This guide gives a brief overview of how to turn a workflow into a ProtProtocol Docker container. It will show you how to add a new tool to the existing IsoProt container.

Tip: In case your new workflow only requires a different type of statistical analysis, have a look at creating a new Jupyter notebook first.

This guide assumes that the following terms mean something to you:

  • Docker
  • Dockerfile
  • Linux

Setup

We will use the IsoProt container as a starting point. To clone the latest version from GitHub, execute:

git clone https://github.com/ProtProtocols/IsoProt.git

Dockerfile

ProtProtocol protocols are shipped as Docker containers. Docker containers are created following a set of instructions found in a Dockerfile. Conveniently, Dockerfiles are by default named Dockerfile.

The official Dockerfile reference can be found here.
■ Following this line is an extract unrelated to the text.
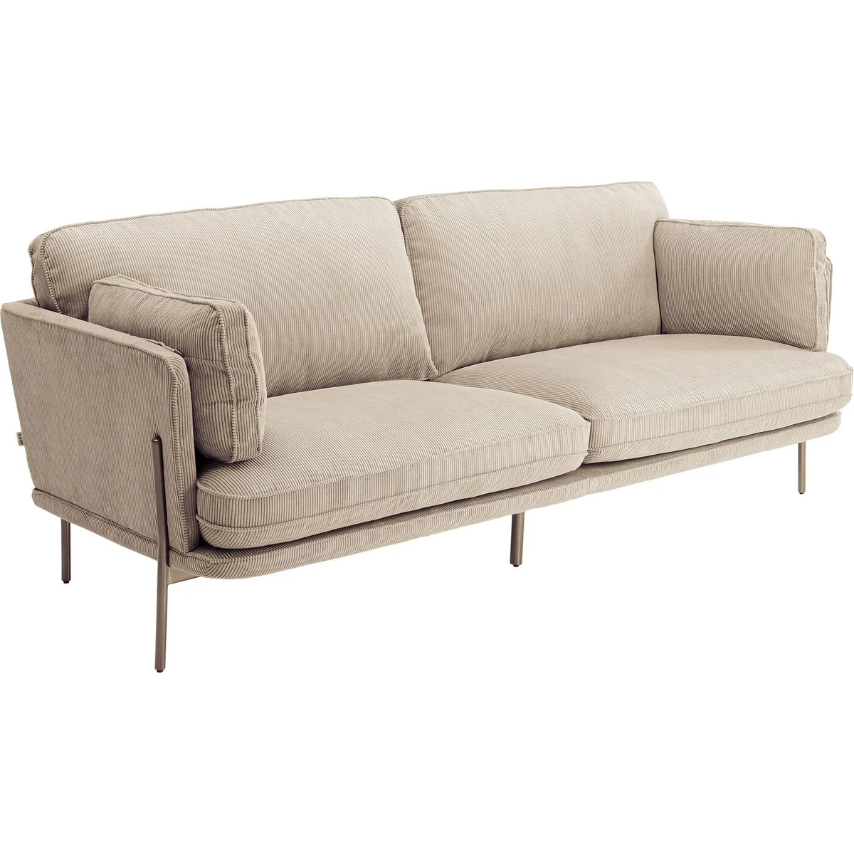 - Velvet with a ribbed structure: a wonderfully soft three-seater that skilfully picks up on the trend theme of corduroy - Sofa in cream: delicate beige and a brass-coloured frame are particularly easy to combine - Real seating comfort: with a width of 221 cm and a seat height of 45 cm, the seating area invites you to linger - Solidly made: the sturdy wooden frame and the lacquered steel base easily support 480 kg - Supplied fully assembled: you can put the couch in your living room or office straight away - against the wall or free-standing in the room

A Dockerfile starts with a FROM commend, telling the Docker builder which image to use as a starting point:

FROM protprotocols/protprotocols_template

We created our own protprotocols_template base image. It comes Jupyter notebook and several dependencies pre-installed and serves as a common ground for all ProtProtocol images.

Installing software

Next, we change to the user root to install additionally required software for the IsoProt image:

USER root

RUN apt-get update \
 && apt-get install -y --no-install-recommends mono-complete libxml2-dev libnetcdf-dev \
 && apt-get clean \
 && rm -rf /var/lib/apt/lists/*

Tip: The Docker builder creates a new layer for every command in the Dockerfile. Therefore, to reduce the total size of the image, it is a good idea to combine several commands in one and always cleanup afterwards. In the above case, this is achieved by combining several apt-get commands using the && sign.

Additional files from the current directory can be copied into the image using the ADD command:

# Setup R
ADD DockerSetup/install_packages.R /tmp/
RUN Rscript /tmp/install_packages.R && rm /tmp/install_packages.R

In the code above, we copy our install_packages.R script into the image to then use it through the Rscript command to install all required R packages.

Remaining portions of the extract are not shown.